Work instruction:
Transcribe nothing except the lines below that run from the one with "H4 support at" to the one with "This stunning wreath", ends included, and do not copy any picture.
Dataset records below:
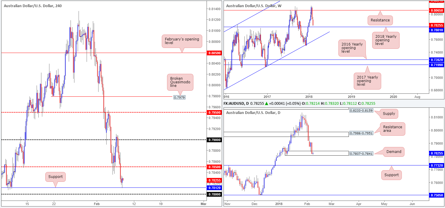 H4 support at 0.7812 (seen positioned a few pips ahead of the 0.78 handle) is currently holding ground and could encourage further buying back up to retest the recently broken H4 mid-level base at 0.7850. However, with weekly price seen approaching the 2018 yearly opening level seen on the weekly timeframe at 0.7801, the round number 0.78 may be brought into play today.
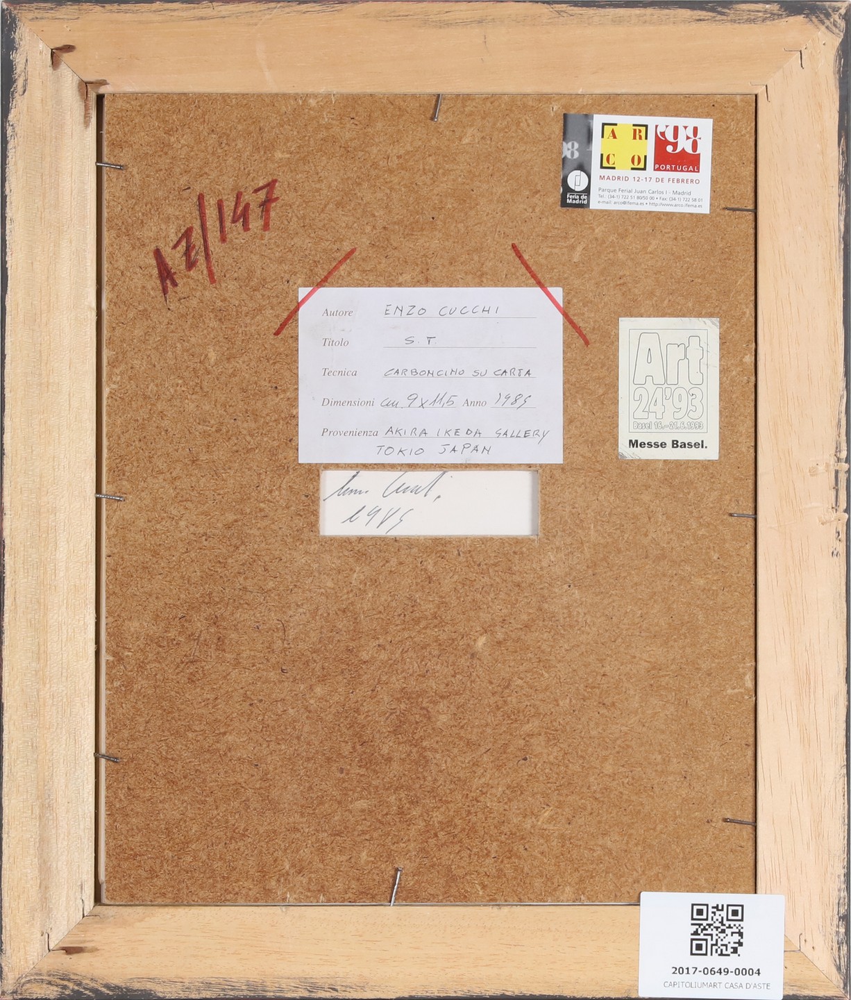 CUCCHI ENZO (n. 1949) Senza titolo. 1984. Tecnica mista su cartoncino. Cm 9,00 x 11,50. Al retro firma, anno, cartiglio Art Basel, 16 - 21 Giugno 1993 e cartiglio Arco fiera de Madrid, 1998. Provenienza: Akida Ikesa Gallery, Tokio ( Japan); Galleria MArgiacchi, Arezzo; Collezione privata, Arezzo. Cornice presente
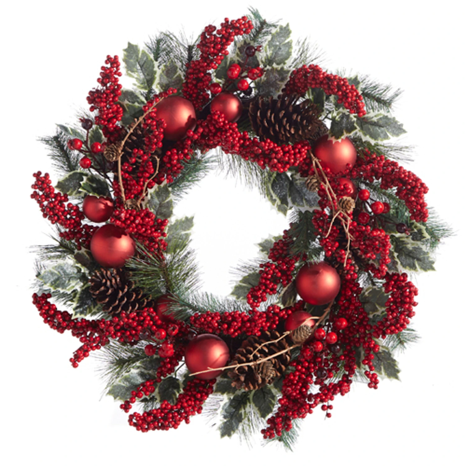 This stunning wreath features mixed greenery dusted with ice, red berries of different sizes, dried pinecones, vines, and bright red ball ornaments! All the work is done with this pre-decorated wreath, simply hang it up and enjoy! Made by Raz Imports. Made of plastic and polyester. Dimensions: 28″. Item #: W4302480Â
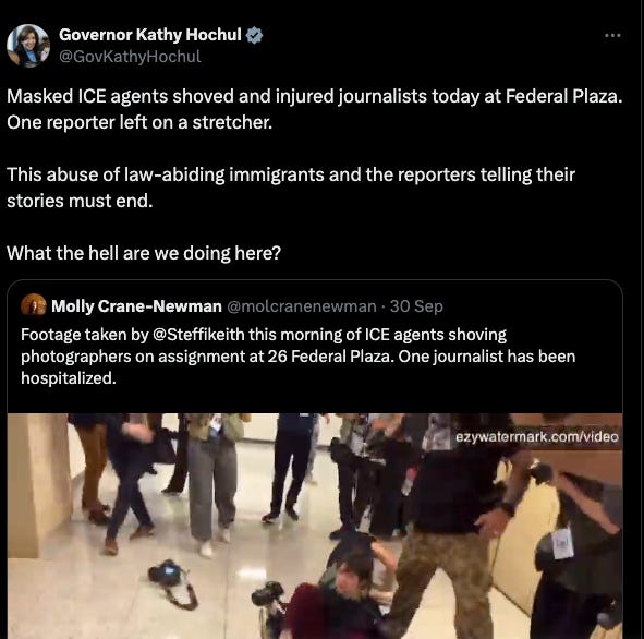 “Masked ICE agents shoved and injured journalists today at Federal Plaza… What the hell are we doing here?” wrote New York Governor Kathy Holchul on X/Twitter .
End of Dataset records.
Dataset records below:
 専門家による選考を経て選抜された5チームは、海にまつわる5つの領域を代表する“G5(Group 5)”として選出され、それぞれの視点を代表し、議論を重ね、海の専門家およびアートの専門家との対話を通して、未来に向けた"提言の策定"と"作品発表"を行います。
End of Dataset records.
Dataset records below:
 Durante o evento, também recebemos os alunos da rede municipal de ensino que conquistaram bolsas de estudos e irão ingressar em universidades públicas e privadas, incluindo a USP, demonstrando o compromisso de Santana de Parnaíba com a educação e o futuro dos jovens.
End of Dataset records.
Solution for this task:
 H4 support at 0.7812 (seen positioned a few pips ahead of the 0.78 handle) is currently holding ground and could encourage further buying back up to retest the recently broken H4 mid-level base at 0.7850. However, with weekly price seen approaching the 2018 yearly opening level seen on the weekly timeframe at 0.7801, the round number 0.78 may be brought into play today.
 CUCCHI ENZO (n. 1949) Senza titolo. 1984. Tecnica mista su cartoncino. Cm 9,00 x 11,50. Al retro firma, anno, cartiglio Art Basel, 16 - 21 Giugno 1993 e cartiglio Arco fiera de Madrid, 1998. Provenienza: Akida Ikesa Gallery, Tokio ( Japan); Galleria MArgiacchi, Arezzo; Collezione privata, Arezzo. Cornice presente
 This stunning wreath features mixed greenery dusted with ice, red berries of different sizes, dried pinecones, vines, and bright red ball ornaments! All the work is done with this pre-decorated wreath, simply hang it up and enjoy! Made by Raz Imports. Made of plastic and polyester. Dimensions: 28″. Item #: W4302480Â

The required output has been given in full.